But then he decided to furlough some low-level (read: vulnerable) workers. Then he decided not to pay rent on the Coliseum for the months that there's been no baseball. Then he decided to eliminate the $400/week stipend the players in the minor league system. Total cost: Maybe $3 million, or approximately 1/140th of his Forbes-guessed net worth of $2.1 billion.

Well, fine and dandy then. An oligarch's gotta oligarch sometimes, especially if the other members of the oligarchy are planning to do the same thing eventually.

And that may be the key here. In deciding to engage the players by offering eminently resistible proposals, the owners may be saying that they can take playing the games or not playing them, because either way they're will lose a cuff button on their weekend dress shirts. It's the joy of being a hardliner when it comes to other people's jobs because, hey, you got yours, largely through family money if not outright inheritance.

But by being the first to say, "Hey, I have to squeeze from the bottom because times are hard, at least for people not me," Fisher has become a lightning rod for not only the players' position but also the game's designated tin ear. He is the face of, "Hey, YOU'RE in this together. Of all the blown opportunities this franchise has had in making itself a more central part of the Bay Area's portrait of sport, this is the one that may be hardest to reassemble.

Makes you wonder if he wants to reassemble it at all.

See, Fisher didn't have to be that guy. Other owners are always willing and able to be the pinata. Other owners like the limelight. Fisher has always avoided it as though it were high-level gamma rays from space, which has usually worked to his detriment but hey, not everyone has a tolerance for other people's prying eyes. He didn't have to furlough anyone, or stiff the landlord, or cut off the next group of players after this one leaves. And he definitely didn't have to put his name to that hamheaded "I confess to the murder" letter that will be forever stapled metaphorically to his office door like the 95 Theses.

Instead, he looked after the short money once again, in the addled notion that it was money that could be saved in the longer run. It can't. Everyone is taking a beating on this, now and in the immediate future, and $3 million is a droplet of sweat in the Adriatic Sea. Fisher's play should have been to be the guy who comes out as at least a tepid benefactor both of the city where his factory is located and the game he claims he loves. He should have paid the money and not furloughed the workers; hell, he could have even said, "I'm doing this because I want people to think I'm a good guy" and gotten away with it, because people eagerly fall for even the transparent optic every time.

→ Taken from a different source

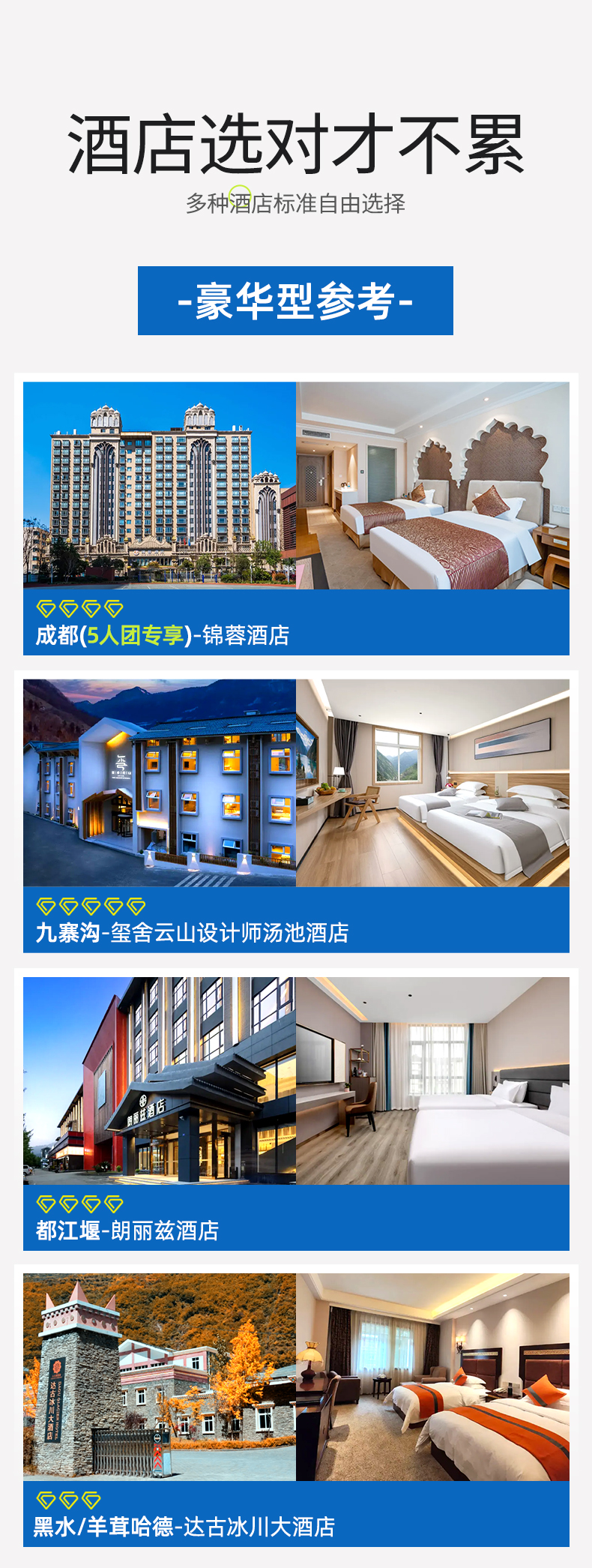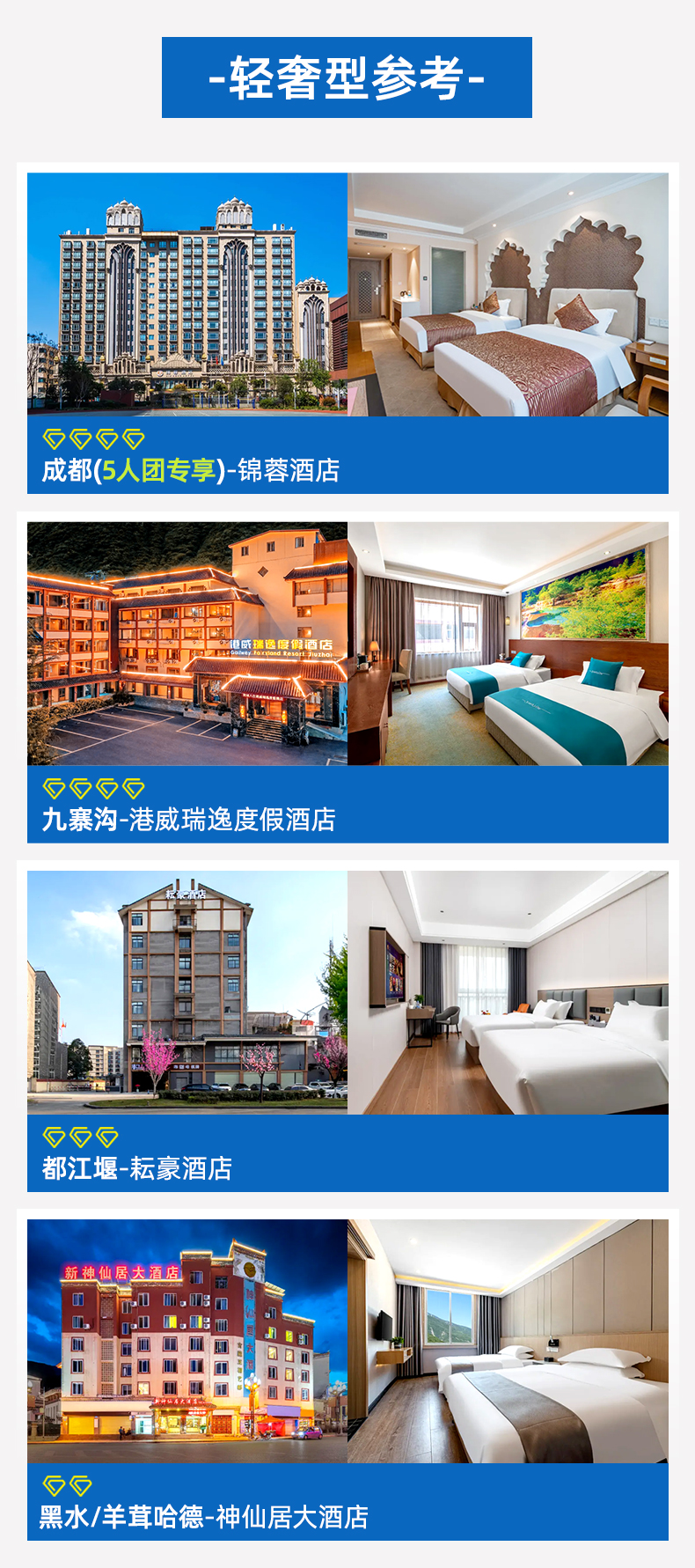 轻奢型:赠4钻成都酒店(成都索菲斯民族大酒店(宽窄巷子抚琴地铁站店)/成都锦蓉酒店(金沙遗址博物馆店)/锦客国际酒店(成都站福宁路地铁站)/成都天邑国际酒店(武侯祠锦里店)/金科圣嘉酒店(武侯祠红牌楼店)/成都熊猫假日酒店(建设路东郊记忆店)/成都港伦凯艺酒店(东郊记忆理工大学店)/扉宿酒店(成都欢乐谷金府地铁站店)或同级)、黑水/羊茸哈德(黑水基若山庄(达古冰川店)/黑水圣地酒店/黑水神仙居大酒店/黑水新区壹号酒店/黑水七彩驿旅民宿或同级 )、九寨沟口(九寨沟宜途品悦别院/九寨沟三墨酒店/朗吉弥藏酒店(九寨沟店)/九寨天澜酒店/九寨沟格尔单白马藏文化主题酒店/璟悦假日酒店(九寨沟景区游客中心店)/林景·山屿FOREST VIEW酒店/九寨沟港威瑞逸度假酒店(九寨千古情店)或同级)、都江堰(耘豪酒店/舒程酒店/蔚徕酒店/古堰南桥酒店/栖悦漫山酒店/原驿·南桥温泉酒店或同级)

But Fisher is also nobody's fool, and he may merely be advancing a greater yet no less disastrous  tactical plan. The hint here may well be that other teams are going to do the same thing, either to show the union how serious it is about burning down the factory to preserve it (not play games so as to lose less money than if they had played them before no fans), or in an attempt to frighten the lowest paid major leaguers into accepting an inherently punitive settlement to get back to work when the all-clear is sounded. This may be part of a grander plan for the entire sport — the one of the ownership that wants its sport to be the last to return.

And even if that is a bit too tinfoil hat for your pro-management world, it still stinks of cynicism at the worst possible time even on this orbiting heap of fetid rot. It's bullying for the sake of showing people you can be a bully. It's withholding an amusement people say they could really use these days just for the little money that hasn't fallen down the sewer. It's the baseball decision of 30 years ago, when owners were meant to hate their employees and the customers who loved them.

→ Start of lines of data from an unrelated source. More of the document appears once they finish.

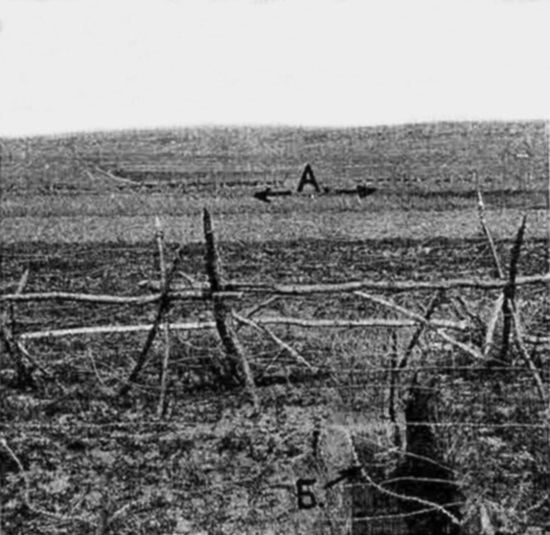 Рис. 1. А – русский окоп, с ясно видимыми даже на фотографии, бойницами, которые – со дна рва Б проектировались на фоне неба. Б – проход из-под бруствера австрийского окопа в сторожевой (снайперовский) ровик. Снято с бруствера австрийского окопа.
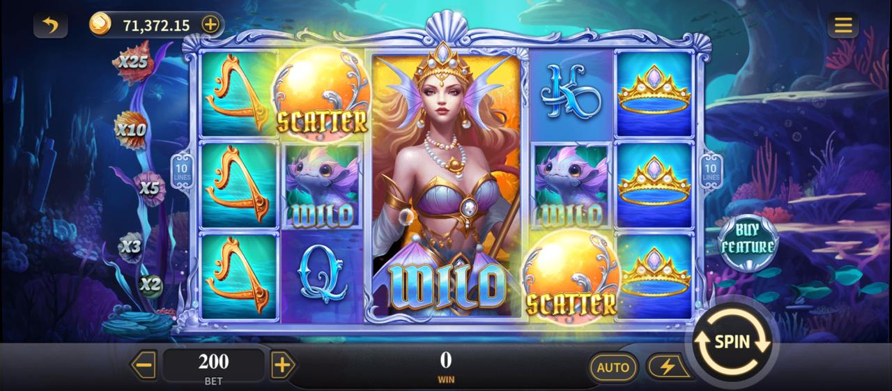Come dance with the mermaids! The mermaid is a giant wild symbol that increases the multiplier with every win, up to 25X.
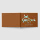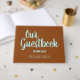 This generic guest book features the messages "Our Guestbook" and "PLEASE SIGN", along with a personalized date. The text is coloured turquoise, and the background is coloured brown. A generic, customizable guest book like this might be used at an event such as a baby shower, a wedding, a funeral, or some other event.
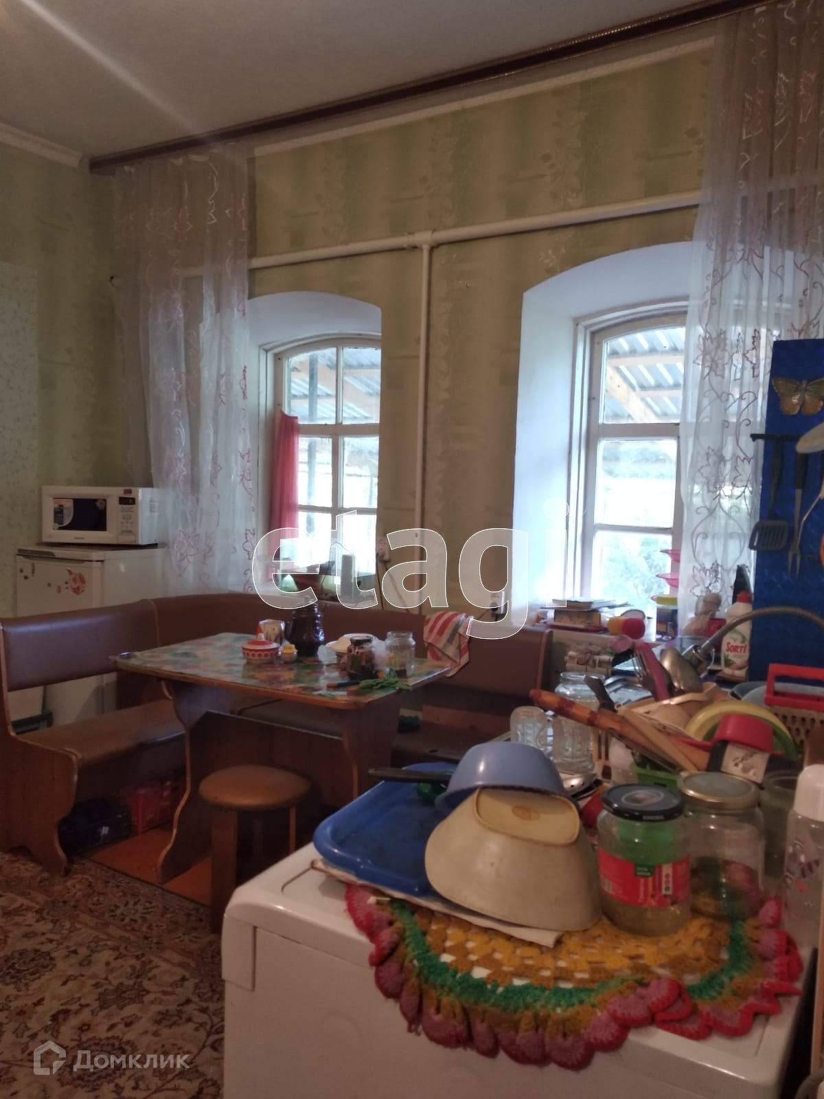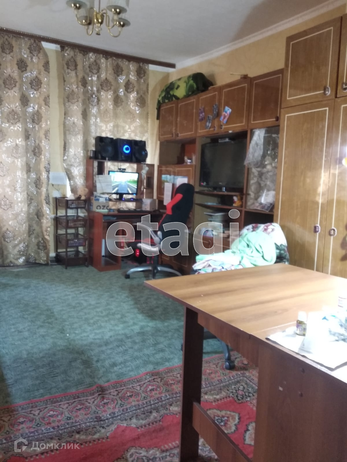 Общая площадь дома - 74 кв.м, жилая - 58,6 кв.м, кухня - 10,2 кв.м. В доме три жилые, смежно-изолированные комнаты, совмещенный санузел. Материал стен: саман, облицованный деревом, крыша - шифер. Водоснабжение центральное, канализация септик. При продаже в доме остаются диван, кухонный гарнитур.
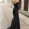 A strapless lace bodice with a figure-flattering fit and flare silhouette, featuring a sheer corset bodice for a touch of allure. The stretch satin material allows for comfortable movement, while a leg slit adds a playful touch. Perfect for prom or special occasions. Available in Black, Dusty Blue, Magenta, and Nova Purple sizes 2-16. Updated: 1-16

In any event, John Fisher had a choice — remain comfortably quiet and make a small but beneficial investment in his image and that of his organization, or worry about $3 million, give or take a few gift cards. He chose option (b), a disastrous decision that will mark him for years to come as the easiest caricature of the modern greedhead owner, at a time when there are plenty of others from which to choose.

His only escape, really, is if one of his fellow 'garchs does the same thing, only more shabbily. I'd give it until Friday morning. Someone's bound to turn up. Someone always does.